CRVAL3 is the first wavelength bin and CD3_3 is the \(\Delta \lambda\) = 1.25 in this case. We’re going to need this in a minute.

Voronoi Binning

In this particular situation Voronoi binning is creating tiles over the image in such a way that we homogenise the signal-to-noise-ratio across our bins. At the moment our bins are just pixels, and obviously the pixels on the outside of the image have much lower SNR than the ones in the middle of the galaxy.

What we’re going to do now is use the vorbin algorithm to create tiles of adjacent pixels which, when summed together give use a spectrum with SNR close to our target SNR (and you get to pick what that target is).

Book keeping - creating our wavelength array

[6]:
# The first thing we need to do is create the wavelength scale.

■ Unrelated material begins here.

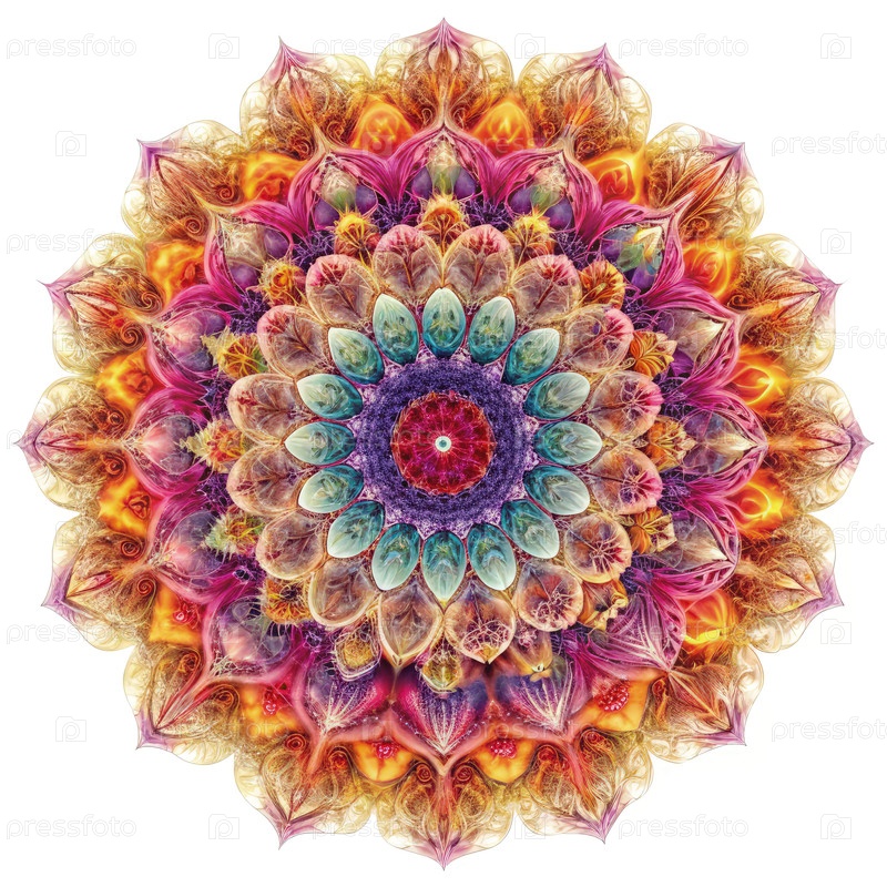 Красочный фрактальный дизайн мандалы с цветочными узорами и сложными деталями

We've only got a starting
# wavelength, a Delta lambda and a number of bins in the spectrum (3861 - see above)
# The code below creates the wavelength array

# minimum and maximum wavelength from the header
wl_min = cube.data_header['CRVAL3']
wl_max = cube.data_header['CRVAL3']+cube.data_header['CD3_3']*cube. data.shape[0]

# creating the wavelength array
WL = np.arange(cube.data_header['CRVAL3'], wl_max, cube.data_header['CD3_3'])
[7]:
# just to check our array has indeed got the right size
WL.shape[0]
[7]:
3681

Book keeping - creating the pixel coordinate, signal and noise arrays

[8]:
# First we need to make lists of pixel Coordinates
# note this will be stupid big with large data cubes
# in that case find a smartter way to make these arrays

# ... X is a 1D list of length 150**2
X = []
for x in np.arange(0, cube.shape[2]):
    X+=[x]*cube.shape[2]

x =  np.array(X)

# ... Y is a 1D list of length 150**2
Y=[]
for y in np.arange(0,cube.shape[1]):
    Y+=list(np.arange(0,cube.shape[1]))

y =  np.array(Y)
[9]:
# Now we store the signal (spectrum) in its own array
signal = ima.data.data.reshape(-1,1) # this reshape(-1,1) turns the 2D array in a 1D array.
[10]:
# And now we store the errors in their own array
noise = np.sqrt(ima.var.data.reshape(-1,1))

Binning!

[11]:
# pick a target signal to noise ratio - I picked 40
TARGET_SNR = 40

Calculating SNR in a line-free region

To compare SNR from spectrum to spectrum we need to chose an area of the spectrum that is devoid of strong lines across our whole data set and then calculate the SNR in that range.

[12]:
# range of wavelength between which we calculate the SNR
wlmin_snr = 5590
wlmax_snr= 5680

# Finding the indices corresponding to the min and max wavelengths of our range to calc SNR
i_min = (np.abs(WL-wlmin_snr)).argmin()
i_max = (np.abs(WL-wlmax_snr)).argmin()+1

# Calculating the SNR in that range
signal = np.mean(cube.data[i_min:i_max,:,:], axis=0).reshape(-1,1) # again making it 1D with the reshape trick
noise = np.sqrt(np.mean(cube.var[i_min:i_max,:,:], axis=0)).reshape(-1,1)
[13]:
# Summoning vorbin!!!
binNum, xNode, yNode, xBar, yBar, sn, nPixels, scale = voronoi_2d_binning(x, y, signal, noise,
                                                                          TARGET_SNR, plot=1, quiet=1,
                                                                          pixelsize=1,
                                                                          )
_images/Voronoi_binning_of_SED_data_19_0.png

Comments and thoughts on the vorbin process:

First of all notice that there is a scatter in SNR around the target we chose: that is to be expected, there is a finite number of adjacent pixels to chose from!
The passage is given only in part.